Know Your Customers (KYC) and Anti-Money Laundering (AML) are some of the most critical compliances all banks and financial institutions must adhere to. To meet KYC/AML compliances, they are required to maintain specific records of their customers to prevent money laundering, terrorist activities, and identity theft.
Some major banks and FIs spend up to $500 million annually on KYC and AML, according to Thomson Reuters, mentioned by Forbes. On average, financial institutions spend around $60 million per year on KYC compliance. As the regulatory regimes become complicated and rigid, the compliance cost, as well as the time involved to meet them, will continue to rise. In addition to the massive cost, the existing KYC processes contain certain inefficiencies, such as:
- the duplication of KYC compliance work conducted within and between FIs
- inconsistent data between FIs and regulators, as keeping the information up to date is a long and tedious process
- a considerable amount of time and resources are put on manual validation and coordination of processes
Due to these pressing issues plaguing the current systems, redefining the standards is one of the top priorities for banks and financial institutions. These could be made more efficient and cost-effective with the use of blockchain technology.
Running KYC/AML checks on blockchain
Blockchain as a technology can go about as a secure and effective way to store data which is used for KYC/AML compliance. The information collected by banks and FIs about the customer would be stored in one block and saved on blockchain. This could accelerate the customer onboarding process for FIs and drastically reduce the expenses involved. Here is a list of benefits blockchain offers to banks and FIs when it comes to handing KYC/AML compliances.
- Banks and FIs will be able to use and share the data without the fear of it being compromised.
- The KYC/AML can be shared securely between divisions and other FIs, instead of having to collect and verify the user data repeatedly.
- Various departments of FIs can retrieve data instantly to conduct regulatory compliance in real-time, dramatically reducing the operational cost.
- As all the information will be present digitally, blockchain can smoothen the entire KYC/AML process and allow FIs to provide a better customer experience.

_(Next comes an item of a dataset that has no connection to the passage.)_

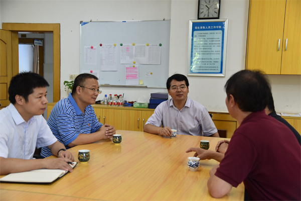李国忠书记(左三)详细了解学校2017年招生就业情况

Apart from streamlining KYC/AML process, blockchain technology can unlock a host of benefits in terms of enhancing the delivery of payments and financial services. To read in detail how blockchain can revolutionize the finance sector, head on to our ebook with the link provided below:
Which blockchain is suitable for KYC/AML
Blockchain is picking up pace with various applications across industries, be it finance or supply chain. However, not all blockchain platforms are built the same; some are better suited for certain use cases. In general, blockchain is offered as ‘private permissioned’ and ‘permissionless.’ In this case, private permissioned blockchains such as Hyperledger and Corda are best suited for banks and financial institutions. Why? Private permissioned blockchains offer enterprises with centralized authority to maintain privacy and control. They also come with reduced administration cost and faster processing of transactions over public blockchains. Furthermore, they provide low latency rates and simpler protocols as compared to public blockchains. All these benefits make permissioned blockchain a more suitable choice of banks and FIs to handle KYC/AML compliance.
You can read more on the difference between permissioned and permissionless blockchains here.
Summing up, it can be concluded that banks and FIs can assure better security, consistency, and operational effectiveness with blockchain. But, adopting blockchain to handle compliances will involve substantial investments in terms of time and resources. It could be a challenge to banks and FIs as the technology is still in its exploration stage.
As tech giants like IBM are working constantly to build robust KYC solutions on blockchain, the technology can unlock further use cases to incorporate KYC/AML features such as flagging and reporting to name a few. It’s a matter of time how banks can seize the full potential of blockchain.